Supergirl star Nicole Maines is speaking out against Arkansas’ “cruel” ban on gender affirming treatments and surgery for transgender youth. Nicole, 23, transitioned as a young child and believes that the same opportunity should be afforded to all trans youth — no matter what transphobic lawmakers may think. “People should not have to wait until they’re adults to be themselves and to be happy,” Nicole said in an EXCLUSIVE interview with HollywoodLife. “They should not have to go their whole lives being miserable to try and make other people feel more comfortable.”
And Nicole doesn’t buy the excuse that kids are too young to understand what they really want. “Trans kids know what they’re talking about. If you’ve ever talked to a child, children know who they are. They know what they like, they know how they feel,” Nicole says. “I think there’s an inherent belief that kids are not smart enough to understand complex issues. It’s not a complex issue, and all medical, science, and psychology [experts] agree that people have grounded sense of self and gender very early, three or four years old.

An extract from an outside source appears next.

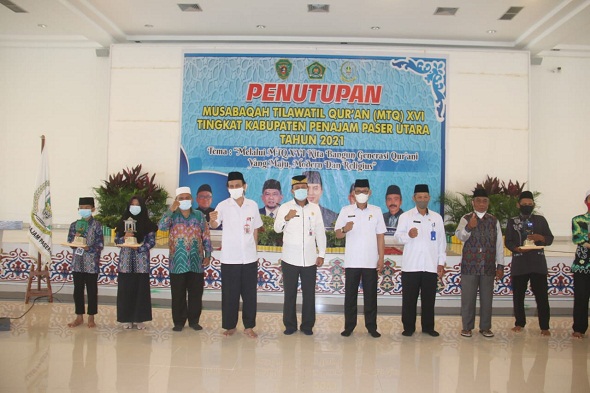 PENAJAM,- Musabaqah Tilawatil Qur’an (MTQ) ke-XIV Tahun 2021 tingkat Kabupaten Penajam Paser Utara (PPU) resmi ditutup oleh Plt. Sekretaris Daerah Kabupaten PPU, DR. Muliadi, Rabu, (24/2) di Masid Agung Al-Ikhlas, Nipah-nipah. Dalam ajang tahunan ini, Kecamatan penajam berhasil menjadi juara umum dengan perolehan juara terbanyak.

The Arkansas measure bans doctors from providing gender-affirming hormone treatment, puberty blockers, or surgery to anyone under 18 years old. It also prohibits doctors from referring the patients to other providers for treatment. The bill was vetoed by Arkansas Governor Asa Hutchinson after outcry from the American Academy of Pediatrics, social workers, and parents who said the ban would harm transgender children already at risk for depression and suicide. Hutchinson’s veto was overturned by the Republican-controlled State House and Senate.
“Kids know who they are and forcing them to live a lie to make other people, to make strangers, to make lawmakers feel more comfortable is cruel,” Nicole told us. “And it will kill kids. You can’t wait until you’re 18 to be who you need to be. It’s one of the first things that you declare for yourself, who you are, your identity is one of the first things you build and whether you’re a boy or a girl or somewhere in between, it’s the first thing that you cement for yourself.”
She noted how nobody questioned her identical twin brother when he knew he was a boy. “For some reason ‘I was too young’ to understand gender and we were the exact same age. Heck, I was 10 minutes older than him! He was the young one. But everyone told me, ‘Oh you can’t understand it.’ No, you don’t understand it. It’s adults who don’t understand.” Nicole knows this struggle all too well.
She was “Susan Doe” in the landmark 2013 case Doe v. Clenchy. When she was a child, Nicole’s family sued her Maine school district for discrimination after she was barred from using the female bathroom and forced to use the staff bathroom after someone complained. The Maine Supreme Court ruled that the school district violated the state’s Human Rights Act, and prohibited the district from banning transgender students from using bathrooms that match their gender identity.
The Arkansas ban isn’t going to stop transgender kids from seeking hormone therapy and medical transition, Nicole warned. It’s just going to make it more dangerous. “Taking away the option for these kids to talk to specialists and experts in the field takes away their ability to make informed decisions,” Nicole explained. “And that is going to make this way more dangerous than it ever needed to be. You’re going to be self-administering hormones and all this stuff and you’re not really going to know what to do.
“It’s really important that kids have access to the gender-affirming care environment where you’re going to be able to explore that safely and take it away at all. It’s taking away people’s ability to be themselves,” she continued. “Everyone deserves to be comfortable in their own skin.” Nicole also spoke to HollywoodLife about Missouri’s new discriminatory youth sports bill. In Missouri, sports teams at public schools must be determined by “biological sex.” Transgender girls are also banned from female sports teams at public schools.
“It’s rooted in a fundamental belief that men are better than women. And it’s rooted in a fundamental belief that testosterone is some kind of magic pill that’s going to make you like Hercules,” Nicole said. “Women come in all different shapes and sizes. The hormonal difference we’re talking about is so small that we aren’t talking about having Shirley Temple go up against The Rock. They can’t even point to a situation where any of these hypotheticals that lawmakers are talking about even happened. No one’s losing their scholarship to trans women, no one’s losing their spot on the team.”
Nicole just wants lawmakers to realize that transgender children need to have the freedom to be themselves. “There’s so much crap in the world that is evil, and scary, and out to get you,” she said. “You should at least be able to go home and be comfortable in your own skin. You should at least be able to be comfortable with who you see in the mirror. And if who you see in mirror is a complete stranger, how are you supposed to find any moment of solace and peace and relaxation?”